__EXERCISE OBJECTIVE__. Please output, exactly and without pictures, the lines from the opening of the listing below through the line containing "Classic denim jacket", both included.

(ENTRIES SUPPLIED Opens)

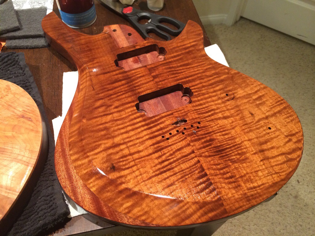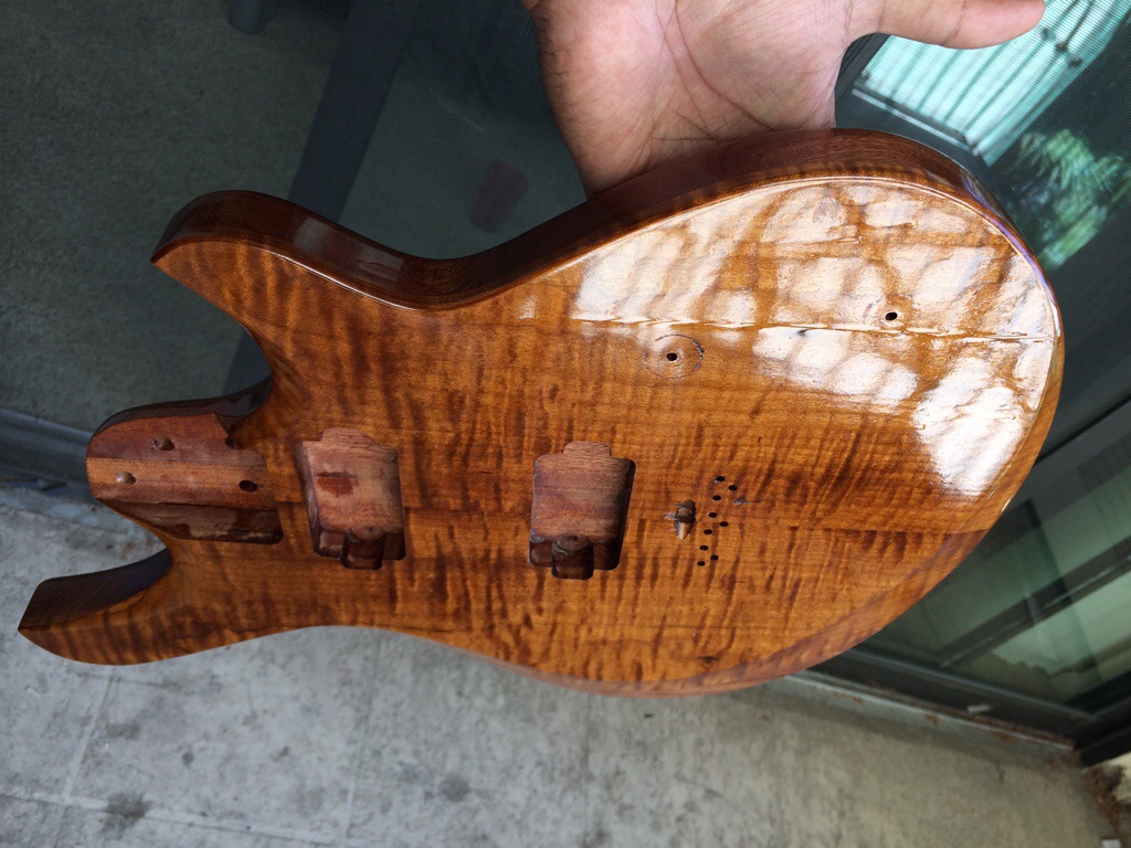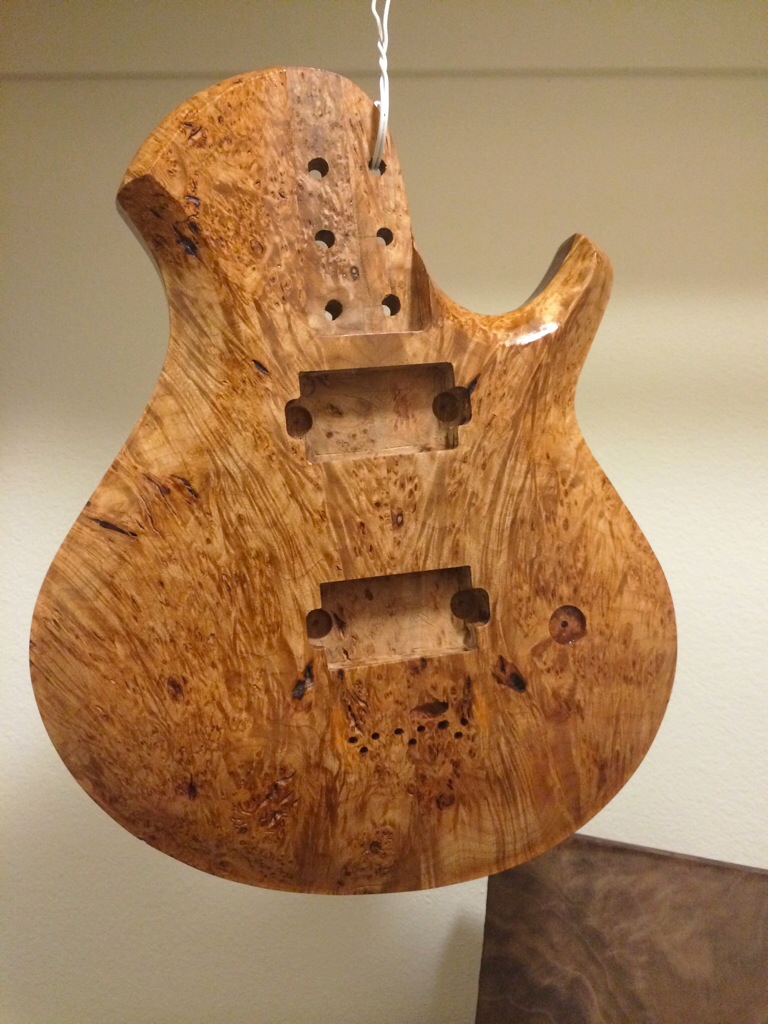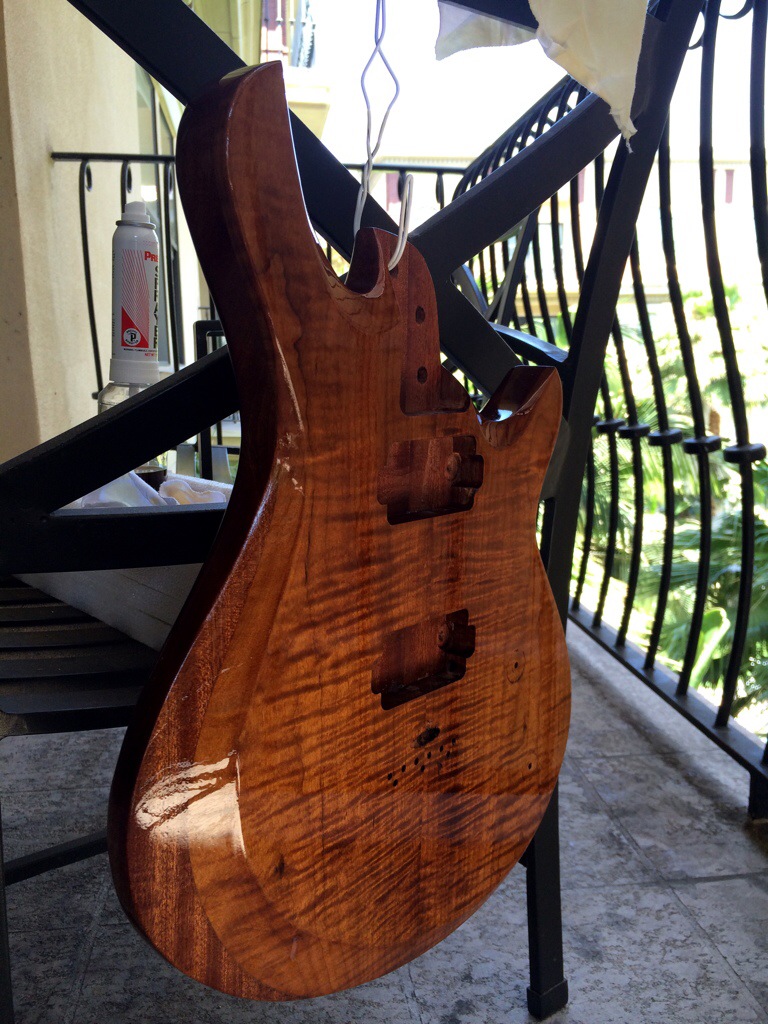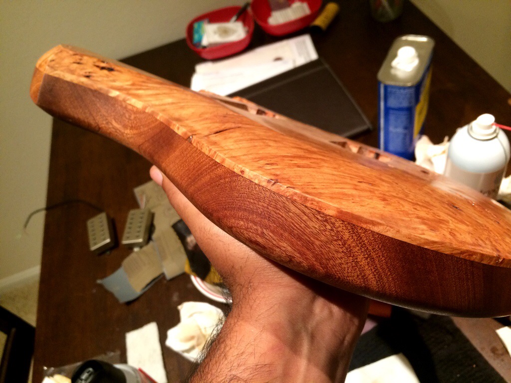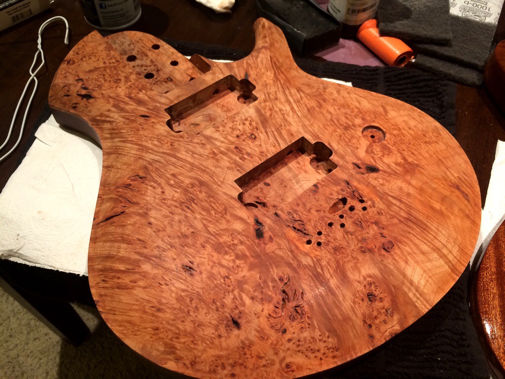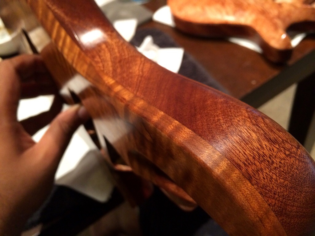 The roasted maple has one coat on all sides and left to dry overnight since the coat is thicker and needs a longer time to dry. The burl maple Top required some serious elbow grease. Once the top was dulled I use the same mix solution from the preval spray, and simply wiped it on. Since it was a thinner mixture it went on smooth and there were no streaks or wipe marks. I left that to dry and set up for neck carving. That I’ll do tomorrow unless I get lazy again.
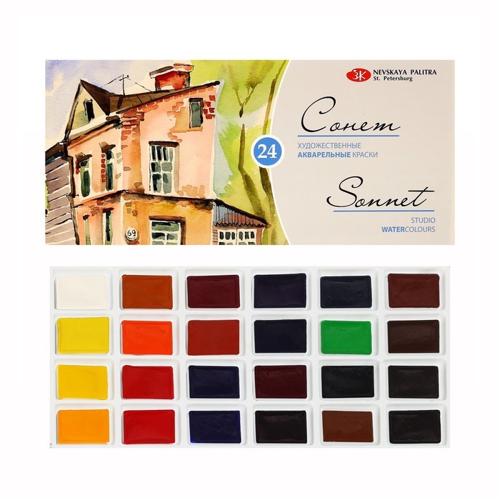 Акварель художественная в кюветах «ЗХК. Сонет», 24 цвета ? 2.5 млВопросы по товару
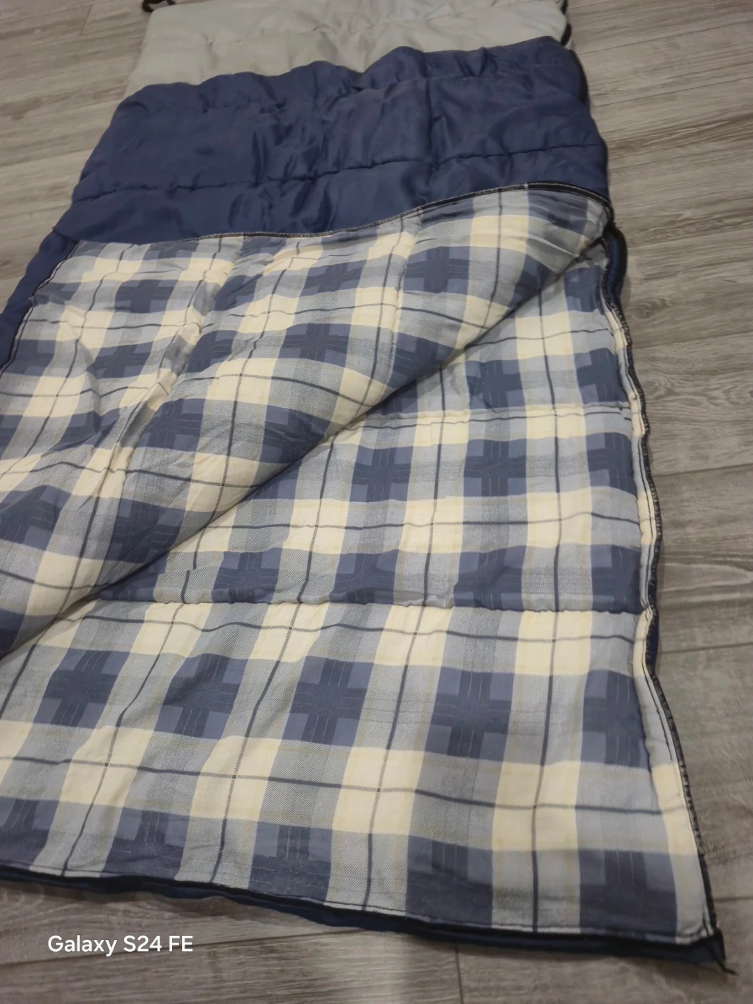 Selling a blue sleeping bag with a plaid interior. It's in good condition and ready for your next camping trip! Perfect for staying warm on those cool nights
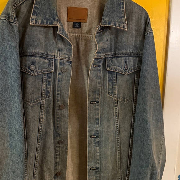 Classic denim jacket with button closure. Features a timeless design.
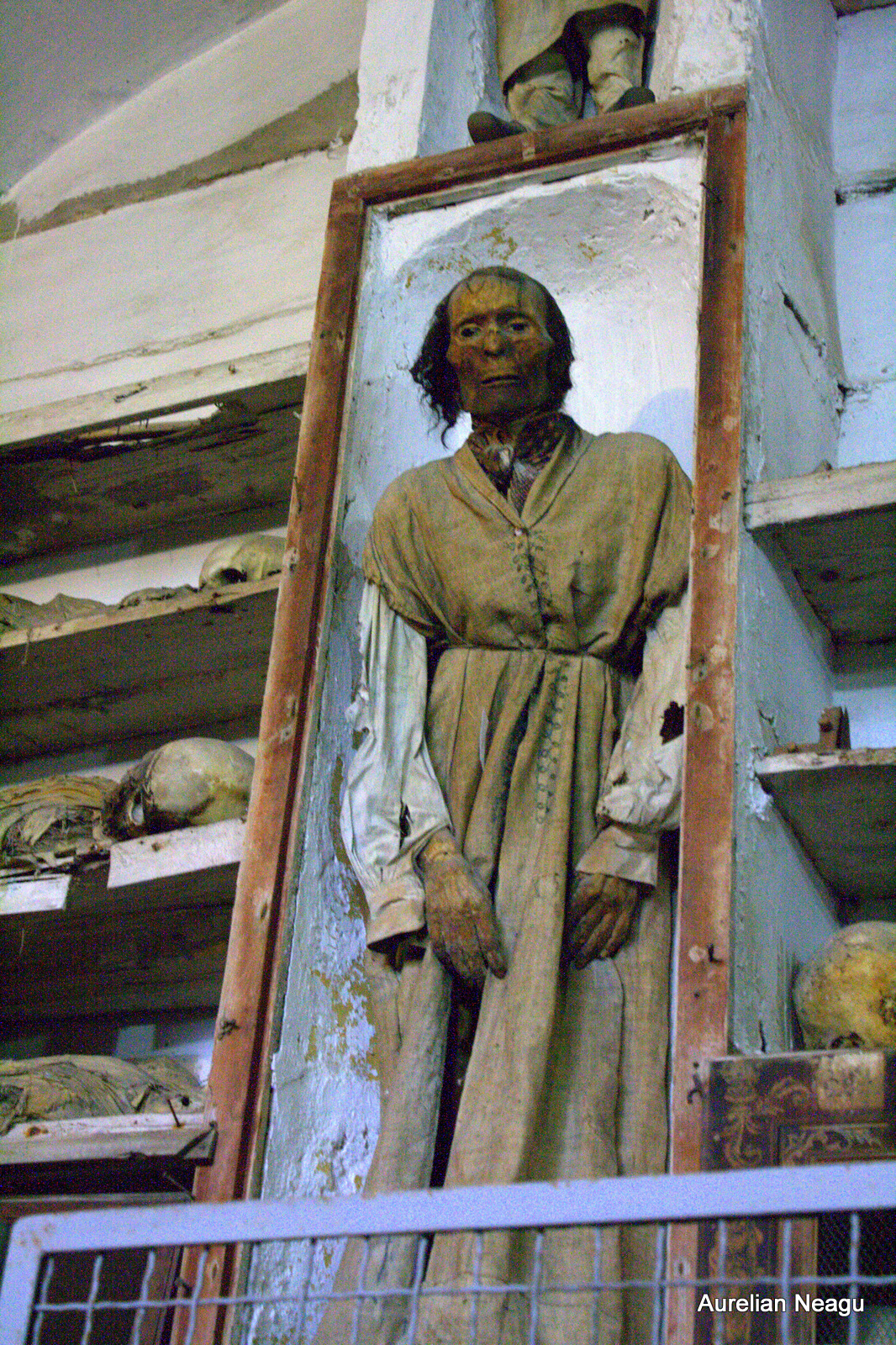Şi nu oricum, nu vor fi undeva pe jos ca să te simţi tu în siguranţă, vor fi în picioare, agăţaţi de/pe pereţi în hainele cu care au fost îmbrăcaţi atunci când au murit şi atât de bine mumificaţi încât ai impresia că până ieri erau în viaţă. Până ieri vorbeau, mergeau, mâncau şi visau. La fel ca tine.

(ENTRIES SUPPLIED Closes)

__YOUR SOLUTION__.
 The roasted maple has one coat on all sides and left to dry overnight since the coat is thicker and needs a longer time to dry. The burl maple Top required some serious elbow grease. Once the top was dulled I use the same mix solution from the preval spray, and simply wiped it on. Since it was a thinner mixture it went on smooth and there were no streaks or wipe marks. I left that to dry and set up for neck carving. That I’ll do tomorrow unless I get lazy again.
 Акварель художественная в кюветах «ЗХК. Сонет», 24 цвета ? 2.5 млВопросы по товару
 Selling a blue sleeping bag with a plaid interior. It's in good condition and ready for your next camping trip! Perfect for staying warm on those cool nights
 Classic denim jacket with button closure. Features a timeless design.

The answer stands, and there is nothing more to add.